Palestine 36 and The Voice of Hind Rajab

Palestine 36
Life for Palestinians under occupation has always been precarious and vexing, cursed with oppressive officialdom, inspections, round-ups and raids. Not just now, but 90 years ago too.
Now the tormentors are Israeli. Then they were British. This is the setting for the award-winning film Palestine 36, by Palestinian film maker Annemarie Jacir.
After the First World War, the former middle eastern territories of the defeated Turkish Ottoman Empire were grabbed by Britain and France, which were granted a mandate to govern them by the League of Nations, forerunner to the UN.
These mandates were effectively colonies. But where others were eventually steered to independence, Palestine was set up to be ruled by others – Jewish settlers from Europe, who changed the name to Israel.
Jews feature only subtly in the film. There are glimpses of their hilltop settlements, and scenes of Palestinians being terrorised on their land. But the villains of the film are the British – the originators of the conflict.

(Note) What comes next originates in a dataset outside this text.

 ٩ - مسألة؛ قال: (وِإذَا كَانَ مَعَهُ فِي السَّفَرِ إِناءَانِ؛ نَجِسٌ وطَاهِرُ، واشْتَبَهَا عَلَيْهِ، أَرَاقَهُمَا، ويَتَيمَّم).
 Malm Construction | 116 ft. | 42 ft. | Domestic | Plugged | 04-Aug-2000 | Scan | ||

The main narrative of the film is the Palestine uprising of 1936-39, which was brutally put down. There are violent scenes. But the film focuses as well on the internal conflicts among Palestinians over how best to resist, from cooperation to revolution. That is drama too.
Palestine 36 is bilingual in English and Arabic and the actors play their native nationalities. It has won a bucketful of awards – though has not been nominated for an Oscar.
The voice of Hind Rajab

Another powerful film, released in January, is The Voice of Hind Rajab directed by Kaouther Ben Hania. The actual voice of the five-year-old Gazan whose murder outraged and distressed the world is used in the film.

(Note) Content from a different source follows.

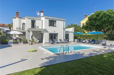 4,3Lejlighed i Porec tæt på Brijuni Øer Bolig: The villa i Porec har 4 soveværelse(r) og kapacitet til 10 person(er). Bolig på 336 m² komfortabel og er stort, ligger i første linje til strand, med udsigt til have og swimming pool. Er beliggende 400 m fra

She’s stranded and trapped in the family car after all others in it – her aunt, uncle and cousin – were killed by Israeli tank fire
Over a mobile she calls to be rescued by the Palestine Red Crescent ambulance service, for hours pleading with increasing desperation with the call handlers who are based in the West Bank’s Ramallah and are bound by an unbearably convoluted Israeli-controlled system for dispatching emergency services.
Ambulances require permission from layers of Israeli bureaucracy to move – without that they would just be shot. The call handlers know this and Rajab tells them there is a tank sitting next to the car. It takes five excruciating hours to get clearance from less than a kilometre away.
We see the GPS route. The crew sees the car. Then, as the ambulance pulls alongside, we hear over Rajab’s phone the actual explosion of tank fire. The phone goes dead, The workers in the call centre freeze. The bodies of Hind and her family were found along with the burnt-out ambulance nearby and two paramedics killed inside.
As the film closed, the 200-strong audience were stunned into silence
As the film closed, the 200-strong audience were stunned into silence. People sat motionless through the credits.
Even as the director came on stage for a Q&A it felt impossible to applaud the story we had just witnessed, and which would haunt us for years.